Can somehow show me an example?

Suppose $n \:=\:30 \:=\:2\cdot3\cdot5$

With three factors to choose from, there are: $2^3 = {\bf8}$ possible subsets.

They are: . $\{\;\},\;\{2\},\;\{3\},\;\{5\},\;\{2,3\},\;\{3,5\} ,\;\{2,5\},\;\{2,3,5\}$

But the question is: how many two-set partitions are there?

There are four: . $\begin{array}{cc}\{\;\} &\{2,3,5\} \\ \{2\} & \{3,5\} \\ \{3\} & \{2,5\} \\ \{5\} & \{2,3\} \end{array}\quad \text{ The products are: }\begin{Bmatrix}1\cdot30 \\ 2\cdot15 \\ 3\cdot10 \\ 5\cdot6\end{Bmatrix}$

The partition $\{2\}\;\;\{3,5\}$ is the same as $\{3,5\}\;\;\{2\}$
. . because $2\cdot15\text{ and }15\cdot2$ are the same factoring.

3. Originally Posted by shaoen01
Qns 1:
Consider strings of length n over the set {a,b,c,d}. How many such strings contain at least one pair of adjacent characters that are the same?
By adjacent do they mean (a,b) in length n, etc? Is the combination (b,a) allowed or equivalent to (a,b)?

Qns 2:
How many integers from 1 through 999999 contain each of the digits 1,2 and 3 at least once? (Hint: For each i let $A_{i}$ be the set of integers from 1 through 999999 that do not contain the digit i
I have no gotten a clear model for question #1. But I think that it is clear that you would allow neither ‘ab’ nor ‘ba’. I am pretty sure that one counts these with recursion.

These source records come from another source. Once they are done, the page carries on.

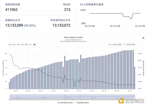 截至 7 月 29 日,信标链运行平稳。链上数据显示,信标链已拥有约 41.1 万个节点,累计质押总额约 1313.2 万 ETH,其中有效投票参与率达 99.83%。另外,自 2021 年 10 月 15 日至今,节点数量和质押总额稳步增长,每日验证者收入也在缓慢增长中,目前,信标链每日奖励量约 11 万枚 ETH。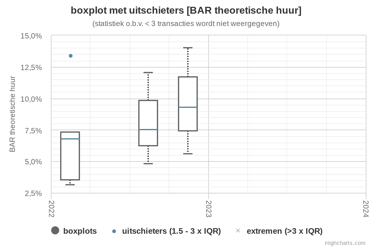 Bij de grafiek: boxplots – met uitschieters – van het BAR – theoretische huur – per kwartaal van kantorentransacties. Het mediane BAR wordt weergegeven door de groene horizontale streep in de boxplot. Het “BAR min” is het laagste BAR.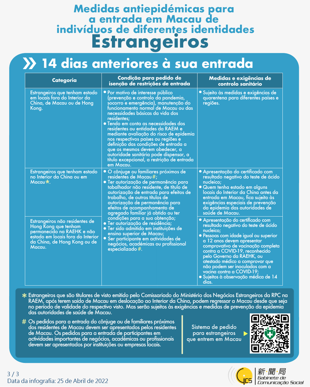 • Medidas antiepidémicas para a entrada em Macau de indivíduos de diferentes identidades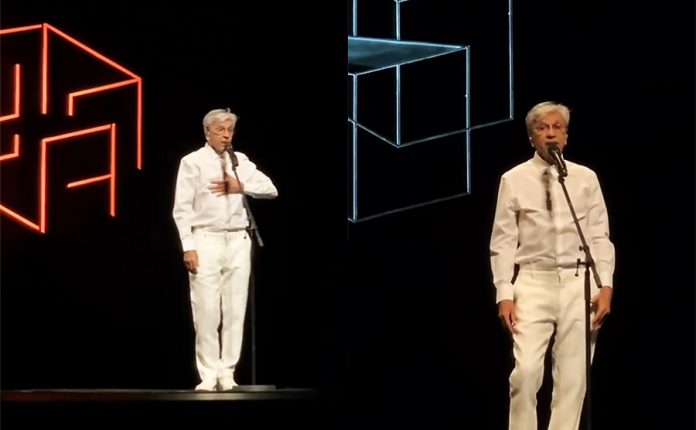 Nunca incluída na discografia do artista, música de 1982 é momento inesperado em roteiro que harmoniza sucessos da década de 1970 e composições do primoroso disco de 2021. Caetano Veloso no palco do Palácio das Artes na estreia do show ‘Meu coco’

Question #2 is lengthy but straightforward.
If T=999999 is the total number then we need to remove $
\left( {A_1 \cup A_2 \cup A_3 } \right)$
, that is removing any number that fails to contain a 1, 2, or 3.
You know that:
$\# \left( {A_1 \cup A_2 \cup A_3 } \right) =$ $\# \left( {A_1 } \right) + \# \left( {A_2 } \right) + \# \left( {A_3 } \right) - \# \left( {A_1 \cap A_2 } \right) - \# \left( {A_1 \cap A_3 } \right) - \# \left( {A_3 \cap A_2 } \right) + \# \left( {A_1 \cap A_2 \cap A_3 } \right)$.

I will help with one of those: $\# \left( {A_1 \cap A_2 } \right) = 8^6 - 1$.

4. Originally Posted by Soroban
Hello, shaoen01!

Suppose $n \:=\:30 \:=\:2\cdot3\cdot5$

With three factors to choose from, there are: $2^3 = {\bf8}$ possible subsets.

They are: . $\{\;\},\;\{2\},\;\{3\},\;\{5\},\;\{2,3\},\;\{3,5\} ,\;\{2,5\},\;\{2,3,5\}$

But the question is: how many two-set partitions are there?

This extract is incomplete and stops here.